The temperature has ranged from 42 to 90 F (5.5 to 32 C).  Primarily the weather has been dry, but I have worn the Obōz Ignitions for a total of three hours in the rain, one hour of which was in a fairly heavy downpour.  Trails have consisted of packed dirt, grass and weeds, and a small amount of sandy/rocky surface.  I estimate the current mileage on the shoes is around 80 miles (130 km).

General Comments:
One of my initial concerns with the Obōz Ignition shoes was how difficult they were to put on.  I was relieved to see the sticker inside the box (shown above in the Initial Report section) saying that this was to be expected in the beginning, and that has indeed proven to be the case.  They have loosened up quite a bit.  They are still not as easy as a shoe with a tongue, but I have the technique down where I actually use the front and rear tug-straps, and I can put them on without a struggle.

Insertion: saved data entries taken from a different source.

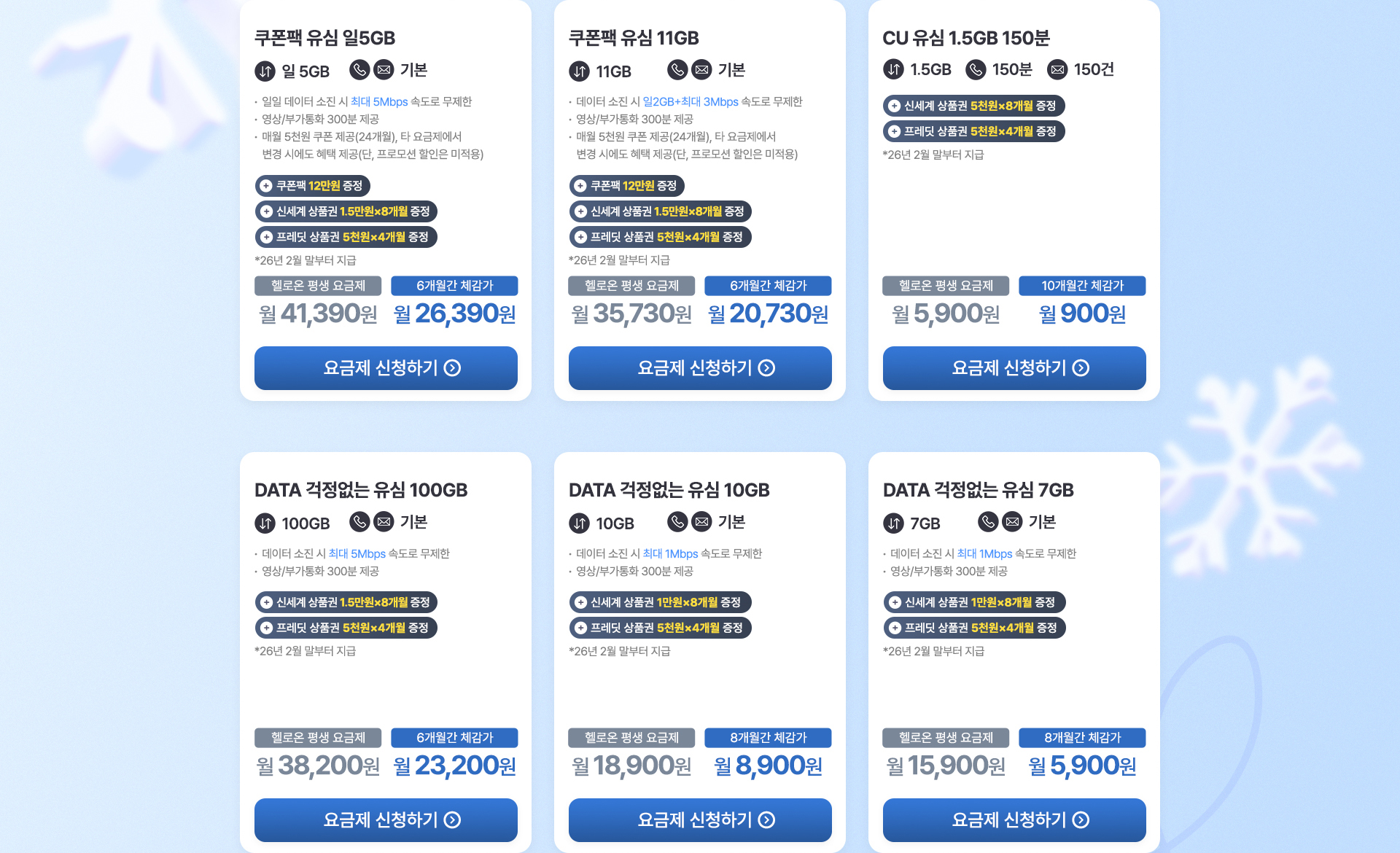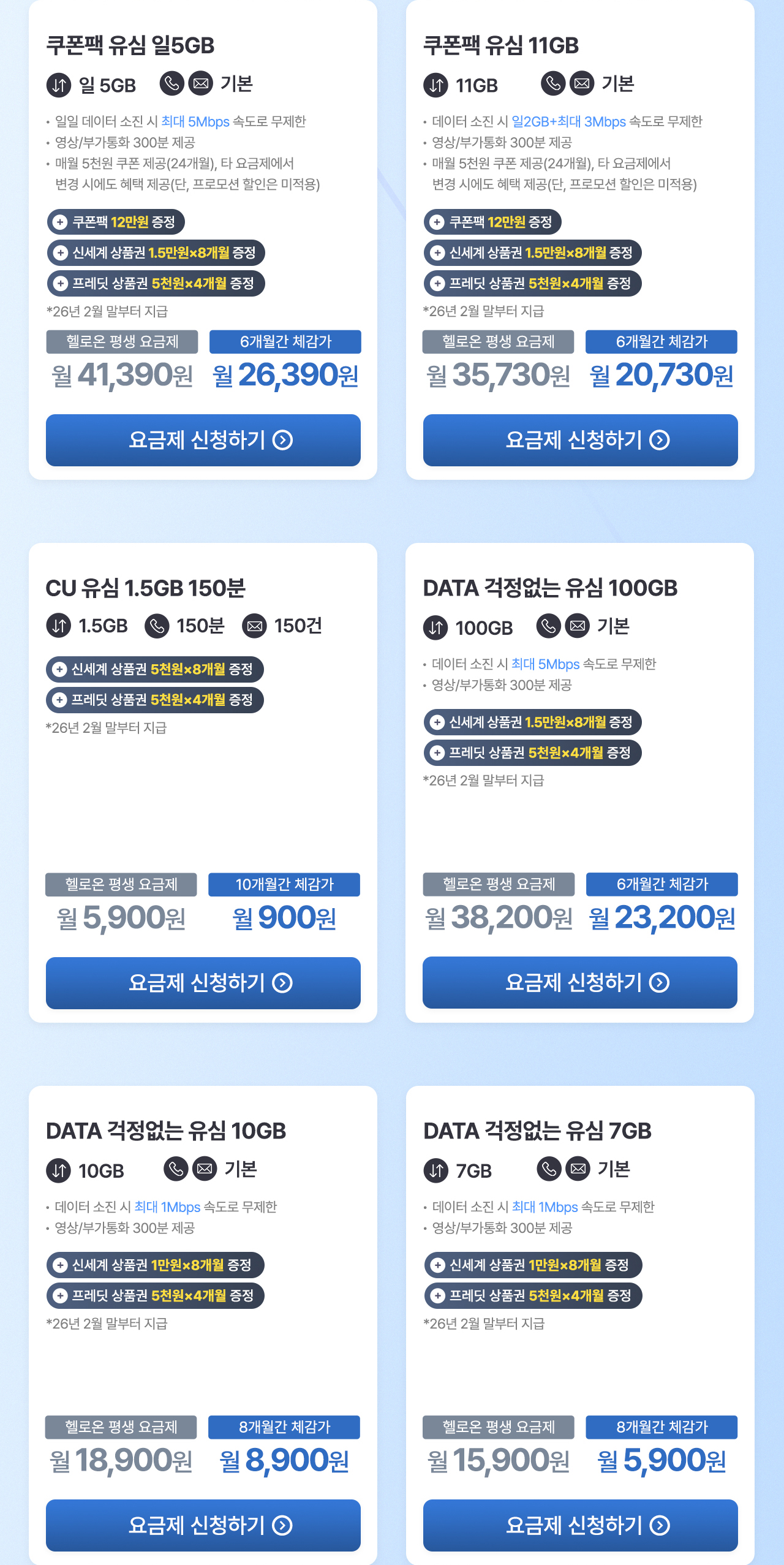 - 기존 타 요금제 이용고객의 경우 쿠폰팩 요금제로 변경 가능하나, 고객센터를 통해서만 변경이 가능하며, 프로모션 할인 전 기본 요금으로만 이용 가능합니다.(쿠폰팩 혜택 제공)
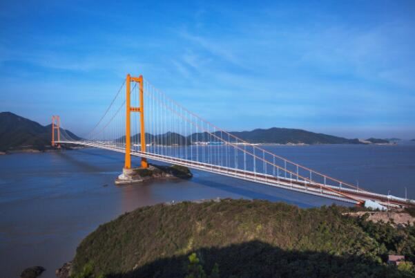 西堠门大桥是位于西堠门水道之上的跨海大桥,是甬舟高速公路组成部分之一,于2005年动工兴建,2009年通车运营,这条总长达2.588千米,线路全长5.452千米,设计速度达80公里每小时。
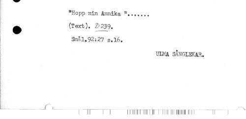 //// "Hopp min Annika ...... //// ^ (Text). 2>239. //// Smal.92:27 s.16. //// UUiA SÅNGLEKAR. //// t //// ..........^ , ^ ^ ^ ......... ^ ^^ ^^^^^^ ^^______^ ^ ////

Another concern I had reported on initially was the black plastic clips, which serve as the upper most eyelets, popping open allowing the laces to escape when I tightened them snuggly.  In this case, the shoes have not adjusted to me, so I have adjusted to them.  I have found the maximum force I can put on the laces and have the clips still hold their own.  Occasionally I still over do it and one will open up, but for the most part I am successful in the lace tighten process.  I must say though, that this seems like something which could totally be avoided if Obōz had just selected a more appropriate clip.  I should also point out that this has never happened when hiking, just when tightening the laces.

On The Trail:
Okay, so what is a lightweight, mesh-upper-bootie, slingshot heel trail shoe supposed to offer a backpacker?  Well, for me I expect a lightweight, breathable shoe with good traction and reasonable support.  For the most part the Obōz Ignitions have lived up to these expectations.  They are light at under 14 ounces (400 grams) a piece.  As for breathability, they do breathe pretty well, being made of mesh, although they still take a day or more to dry out when they have been completely soaked.  And although they don't cause my feet to overheat, I have noticed some foot odor accumulating in them as time goes on.  Interestingly enough, the only other mesh-bootie shoes I have owned exhibited the same odor behavior, so maybe it is just a characteristic of this type of design.

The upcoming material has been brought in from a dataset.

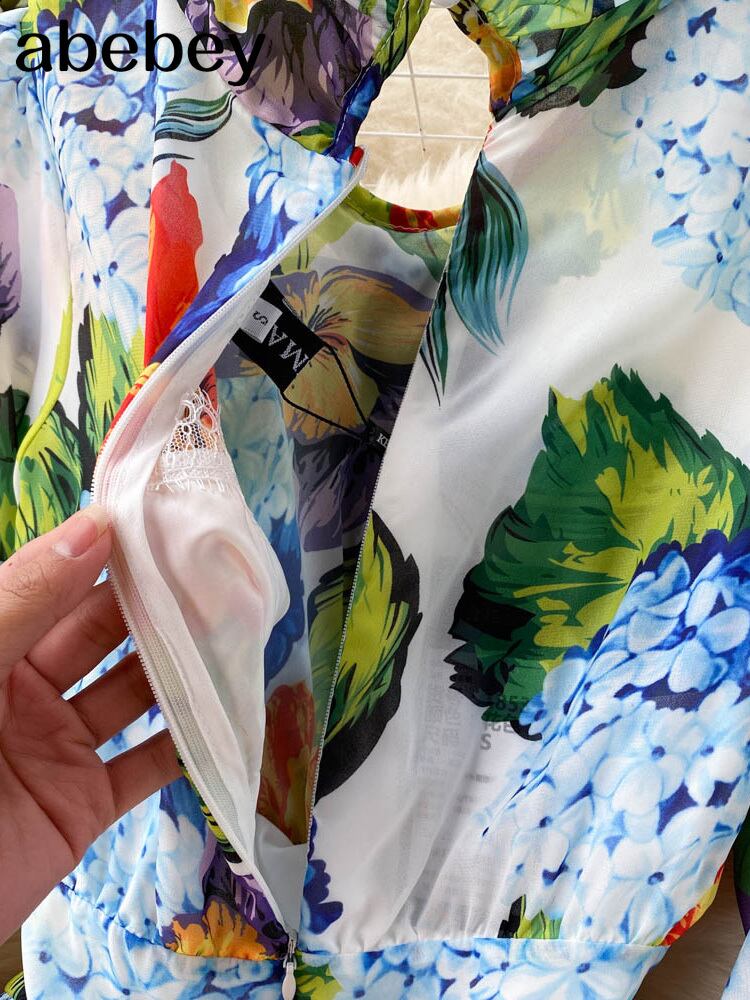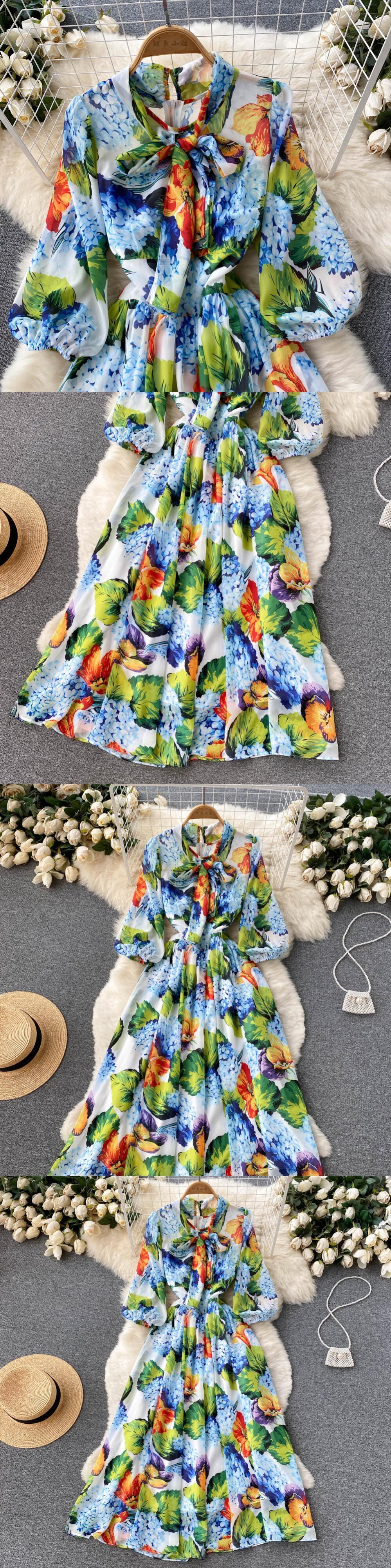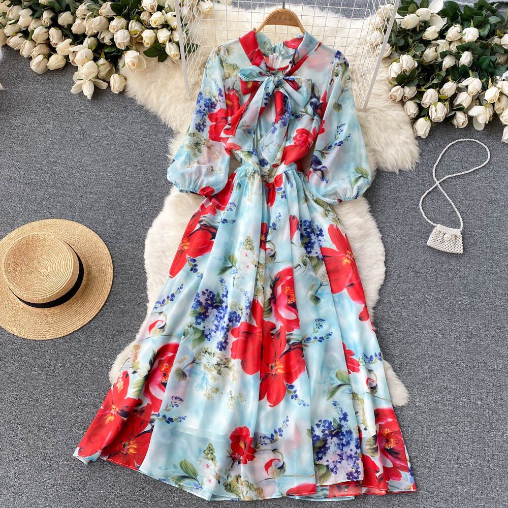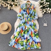 プリントレディースサマードレス2022ボウネックスリム半袖シングルブレストビーチAラインミディロングドレス ショート リボン ハーフスリーブ 夏物 Abe25842553518

As far as traction goes, the Obōz Ignitions definitely meet my expectations.  The two main areas that typically separate trail runners from pavement runners is the tread, and the support.  The Obōz have a nice deep tread which has served me well on dirt, grass, mud, and gravel.  The only places I have experienced significant slippage are on wet wood, and wet rock, which are surfaces where tread depth has little bearing on traction.  Support wise, the Ignitions, in my opinion, leave a little to be desired.  I have come down on a root or a small rock with a loaded backpack and twisted my ankle several times.  Not sprained my ankle, but rolled it enough to cause some awkward maneuvering to maintain my balance.  This is somewhat expected in a low cut shoe, however the phenomena I have experienced is actually the ball of my foot moving inside the shoe, stretching the shoe, and thus the alignment of the shoe with my foot is then just off slightly enough to cause a stumble.

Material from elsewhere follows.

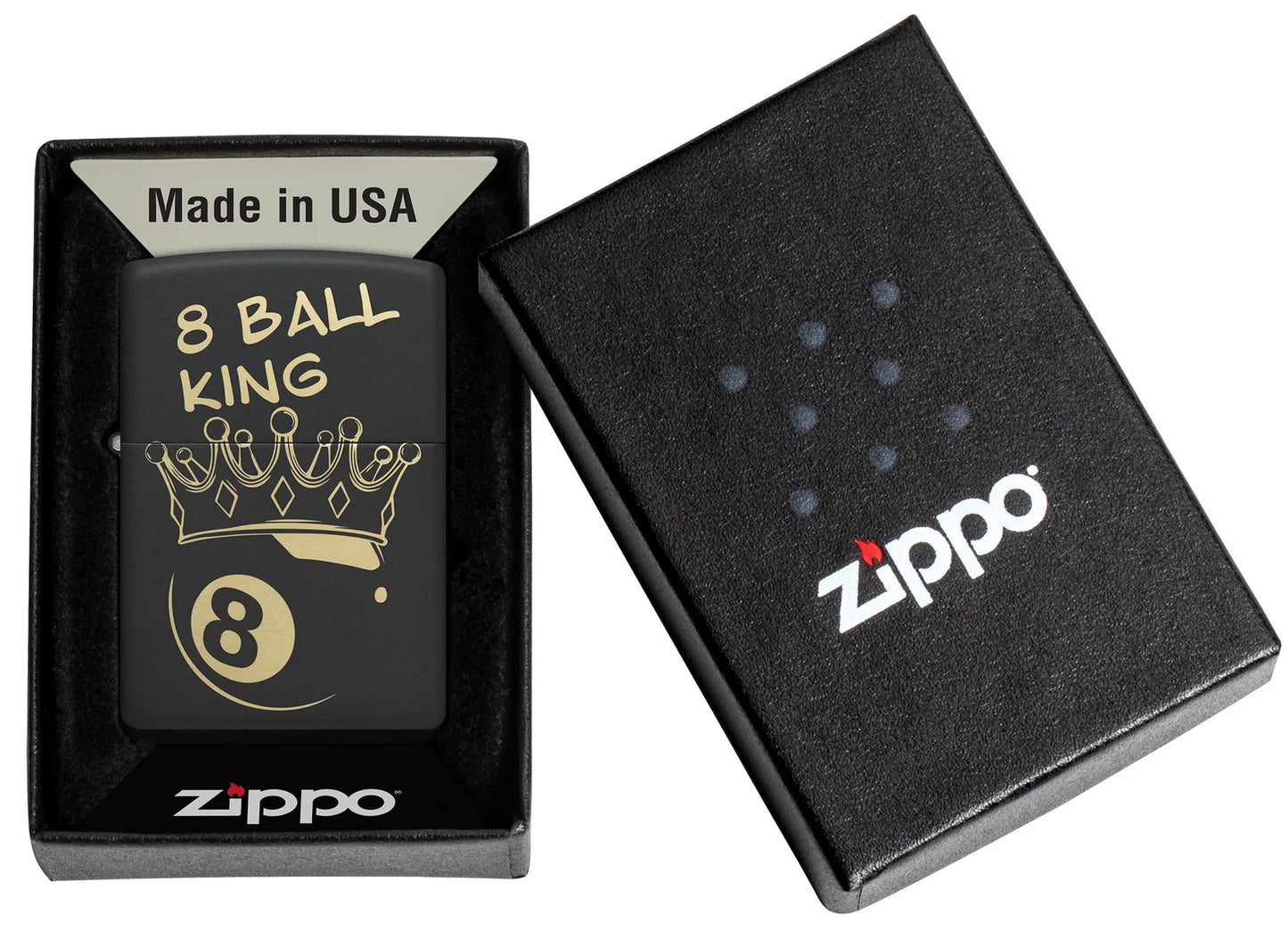 Perfect for any pool hall champion, this classic Black Matte lighter features a Laser Engrave design of an Eight ball adorned with a crown. Comes packaged in a gift box. For optimal performance fill with Zippo lighter fuel.

These shoes are very comfortable.  There was no break-in period required, and the mesh construction is pleasant to wear.  Arch support is adequate with the supplied insoles.  One testament to their comfort is when I wore the Obōz while helping a friend move.  I spent 12 hours carrying boxes and furniture up and down a metal ramp, in and out of a moving van.  At the end of the day I was exhausted, and my feet were tired, but my feet were without blisters or hot spots, and recovered quickly.

Cleaning and Durability:
I haven't intentionally cleaned the Obōz Ignitions at all during this phase of testing.  I have worn them in the mud and gotten them pretty dirty, but I have allowed for the self cleaning process of wearing them through tall wet grass, or in the rain, take care of it for me.  And when the shoes are muddy and already totally soaked I've been known to seek out some puddles to trod through.  Even with pretty caked on dirt stuck in the treads, a few miles of hiking down the trail seems to take care of the cleaning.  As for durability, so far everything is still functioning as it did when the shoes were new.  No loose threads or serious abrasions, and the workmanship and materials seem to be quite solid.  I will go into more detail on wear and durability in the Long Term report.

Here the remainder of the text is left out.